Parenting, reprised

2022/08/21

I wrote a post about a year ago about how it was hard to understand the Smokies. I realize now—in part from reading my wife’s copy of the book Braiding Sweetgrass—that was because my focus was too narrow. I was trying to understand facts: their scientific, geographical, and even human history/sociological sides.

That book argued that understanding these parts of some place are immensely valuable, but they’re also far from the complete picture. There is also a side to a place that is more of a challenge to grasp: not only what we can know through thinking, but also through our body, emotion, and spirit. Yep, it might sound a bit froo froo to put it this way. But it resonated with me. Camping with my family isn’t primarily about the science, geography, or even the human history of the Smokies. It’s about how I feel when I wake up; how my son looks when he’s playing in a creek; how I feel safe even when it rains or snows. Knowing a place through facts is important, but to make sense of somewhere, our bodies, emotions, and (froo froo!) spirits help us to know, as well.

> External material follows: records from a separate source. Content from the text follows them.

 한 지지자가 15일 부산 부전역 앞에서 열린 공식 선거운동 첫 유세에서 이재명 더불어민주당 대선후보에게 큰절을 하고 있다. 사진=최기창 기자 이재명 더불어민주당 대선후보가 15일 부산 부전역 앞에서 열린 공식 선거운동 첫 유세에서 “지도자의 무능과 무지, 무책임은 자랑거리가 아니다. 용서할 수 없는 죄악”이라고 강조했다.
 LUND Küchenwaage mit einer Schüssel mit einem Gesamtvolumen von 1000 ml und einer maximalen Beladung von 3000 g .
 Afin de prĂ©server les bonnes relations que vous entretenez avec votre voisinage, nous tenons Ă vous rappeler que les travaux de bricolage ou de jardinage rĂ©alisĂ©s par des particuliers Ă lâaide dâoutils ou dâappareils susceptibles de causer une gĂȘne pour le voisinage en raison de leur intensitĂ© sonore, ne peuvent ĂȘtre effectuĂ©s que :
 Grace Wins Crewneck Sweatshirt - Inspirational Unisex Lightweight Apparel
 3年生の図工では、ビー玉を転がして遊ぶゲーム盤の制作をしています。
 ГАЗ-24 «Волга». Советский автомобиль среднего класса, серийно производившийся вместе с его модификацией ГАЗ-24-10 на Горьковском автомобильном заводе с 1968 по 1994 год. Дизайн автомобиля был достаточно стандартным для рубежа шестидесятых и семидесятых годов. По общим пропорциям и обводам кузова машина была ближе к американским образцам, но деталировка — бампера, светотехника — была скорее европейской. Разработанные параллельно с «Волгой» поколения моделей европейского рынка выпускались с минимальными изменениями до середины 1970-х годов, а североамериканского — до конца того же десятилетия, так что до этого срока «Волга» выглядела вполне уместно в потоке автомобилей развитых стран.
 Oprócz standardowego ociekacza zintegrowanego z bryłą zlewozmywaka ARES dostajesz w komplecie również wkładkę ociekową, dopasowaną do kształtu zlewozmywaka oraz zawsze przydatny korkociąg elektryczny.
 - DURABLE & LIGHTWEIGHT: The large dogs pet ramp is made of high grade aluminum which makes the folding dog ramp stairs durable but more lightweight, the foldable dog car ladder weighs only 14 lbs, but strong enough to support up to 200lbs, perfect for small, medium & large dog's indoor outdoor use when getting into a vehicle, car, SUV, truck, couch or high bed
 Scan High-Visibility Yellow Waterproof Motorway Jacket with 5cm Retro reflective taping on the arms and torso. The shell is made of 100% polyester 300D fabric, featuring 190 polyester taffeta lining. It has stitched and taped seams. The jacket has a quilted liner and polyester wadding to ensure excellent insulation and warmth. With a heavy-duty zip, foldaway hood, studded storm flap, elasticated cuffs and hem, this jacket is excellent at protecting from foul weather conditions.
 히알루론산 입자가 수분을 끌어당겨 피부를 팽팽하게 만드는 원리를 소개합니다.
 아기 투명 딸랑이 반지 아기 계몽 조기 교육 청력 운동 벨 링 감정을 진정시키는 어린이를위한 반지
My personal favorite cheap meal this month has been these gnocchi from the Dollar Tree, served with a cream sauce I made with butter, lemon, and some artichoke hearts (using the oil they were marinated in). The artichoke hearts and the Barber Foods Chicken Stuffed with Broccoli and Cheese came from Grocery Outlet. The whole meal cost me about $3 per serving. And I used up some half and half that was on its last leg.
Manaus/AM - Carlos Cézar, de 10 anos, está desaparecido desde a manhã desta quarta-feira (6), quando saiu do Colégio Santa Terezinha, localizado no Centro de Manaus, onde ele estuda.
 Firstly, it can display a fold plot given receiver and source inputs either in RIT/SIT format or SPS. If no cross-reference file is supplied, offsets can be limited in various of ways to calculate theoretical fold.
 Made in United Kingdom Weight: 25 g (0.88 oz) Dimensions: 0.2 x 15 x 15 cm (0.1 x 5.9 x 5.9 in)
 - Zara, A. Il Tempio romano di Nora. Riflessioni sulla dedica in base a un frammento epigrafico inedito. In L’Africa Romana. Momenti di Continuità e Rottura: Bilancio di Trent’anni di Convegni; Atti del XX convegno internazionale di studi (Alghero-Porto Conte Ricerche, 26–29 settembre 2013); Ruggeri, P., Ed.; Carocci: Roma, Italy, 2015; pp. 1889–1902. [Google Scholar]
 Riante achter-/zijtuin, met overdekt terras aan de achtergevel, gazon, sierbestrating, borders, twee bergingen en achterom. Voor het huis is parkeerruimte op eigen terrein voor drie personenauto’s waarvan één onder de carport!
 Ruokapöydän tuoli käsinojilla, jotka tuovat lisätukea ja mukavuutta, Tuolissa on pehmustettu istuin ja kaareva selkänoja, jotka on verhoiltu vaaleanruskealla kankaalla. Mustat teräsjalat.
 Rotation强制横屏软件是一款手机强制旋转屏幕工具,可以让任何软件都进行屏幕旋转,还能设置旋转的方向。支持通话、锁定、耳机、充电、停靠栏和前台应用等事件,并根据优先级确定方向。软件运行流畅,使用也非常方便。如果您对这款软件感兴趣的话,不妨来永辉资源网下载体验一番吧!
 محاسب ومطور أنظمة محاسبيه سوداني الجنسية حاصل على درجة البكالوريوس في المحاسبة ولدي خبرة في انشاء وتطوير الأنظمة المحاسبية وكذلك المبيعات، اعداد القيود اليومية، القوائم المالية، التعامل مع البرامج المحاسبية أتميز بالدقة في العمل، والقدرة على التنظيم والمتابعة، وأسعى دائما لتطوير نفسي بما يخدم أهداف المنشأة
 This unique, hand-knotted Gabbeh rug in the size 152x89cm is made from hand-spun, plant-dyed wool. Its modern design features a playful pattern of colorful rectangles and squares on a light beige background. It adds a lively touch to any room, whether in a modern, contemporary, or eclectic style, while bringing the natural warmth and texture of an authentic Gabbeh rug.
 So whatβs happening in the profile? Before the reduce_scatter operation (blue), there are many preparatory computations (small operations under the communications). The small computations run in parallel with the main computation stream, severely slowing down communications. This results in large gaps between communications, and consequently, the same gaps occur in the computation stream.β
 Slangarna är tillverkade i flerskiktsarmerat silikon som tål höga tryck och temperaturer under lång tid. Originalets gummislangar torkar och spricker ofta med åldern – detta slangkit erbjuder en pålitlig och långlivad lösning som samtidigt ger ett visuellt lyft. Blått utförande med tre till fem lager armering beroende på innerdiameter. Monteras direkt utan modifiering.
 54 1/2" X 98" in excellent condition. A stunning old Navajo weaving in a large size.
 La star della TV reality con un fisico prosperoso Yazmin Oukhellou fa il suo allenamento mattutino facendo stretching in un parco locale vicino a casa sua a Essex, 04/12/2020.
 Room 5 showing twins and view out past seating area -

Okay, froo froo over, at least concerning the outdoors. Parenting is similar. I heard this quote on a podcast:

Making the decision to have a child - it is momentous. It is to decide forever to have your heart go walking around outside your body.

I’m actually having a hard time tracking down its specific source—but it’s from Elizabeth Stone, an author. It’s hard to describe parenting in terms of reason and thoughts. It’s tiring and challenging and all kinds of things. But it’s also more than what can be described with certain terms and this quote does a better job than many do to capture what it is. Parenting requires multiple ways of knowing; it invites thinking but also feeling and relating to another person - a child - in a different way. It struck me biking with my son to school that I would bike in front of a car if needed to keep him safe without thinking about it. I can try to describe this evolutionarily and rationally, but I think that would seem to miss part of whether, how, and why I would—at least the experience and meaning of it. Perhaps parenting invites other ways of making sense.

I was thinking about parenting after spending the last week with my son visiting family. It was a great week and challenging week with him; hard to summarize. Perhaps in a year I’ll know more.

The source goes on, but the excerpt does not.